Abrigando somente duas pessoas, a nossa casa parecia ter ficado maior. Também a quietude crescia lá dentro, onde apenas o olhar de mamãe formulava perguntas. Perguntas que ficavam sem respostas e me obrigavam a escapar para o campo, a vagar pelas estradas. Não ia longe. A lembrança de Bruma feria-me. Tinha a impressão de que, a qualquer momento, surgiria na minha frente. Porque ela havia passado por todos aqueles caminhos e as sebes me falavam dos contornos do seu corpo.
A resolução veio lenta, conformada em saudade e remorso. E até chegar à cidade não sabia o que desejava fazer. De súbito, tudo se aclarou. Resoluto, tomei a direção do consultório do dr. Sacavém.

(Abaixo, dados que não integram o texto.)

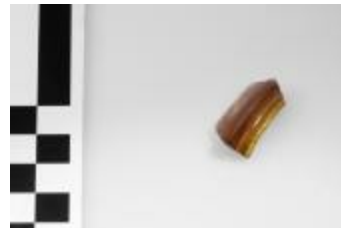
Glasfragment uit de ijzertijd aangetroffen bij de opgraving in de Krommenhof in Beerse. (2008_269_66)

Sentia-me, no entanto, bastante confuso, pois não encontrava o edifício procurado. No lugar em que ele deveria erguer-se havia um lote vago. Parei um instante, a fim de orientar-me. Em vão. Não atinava com outro percurso. A rua era mesmo aquela. Restava informar-me, mas as pessoas a quem recorri não sabiam da existência de prédios com dez andares mencionados por mim. O maior da cidade possuía dois pavimentos. Nem ao menos, entre os cinco médicos do lugar, conheciam um com o nome de Sacavém. Percorri novamente o lugarejo, fiz outras perguntas. Inútil e angustiante busca.
Voltei ao lote. Sentei-me na grama e me abandonei ao desespero, sabendo que jamais reencontraria Bruma. Sobre os braços, chorei longamente. Ao me levantar, prestes a findar a tarde, estendia-se na minha frente uma estrela vermelha. Pouco a pouco, ela se desdobrou em cores. Todas as cores.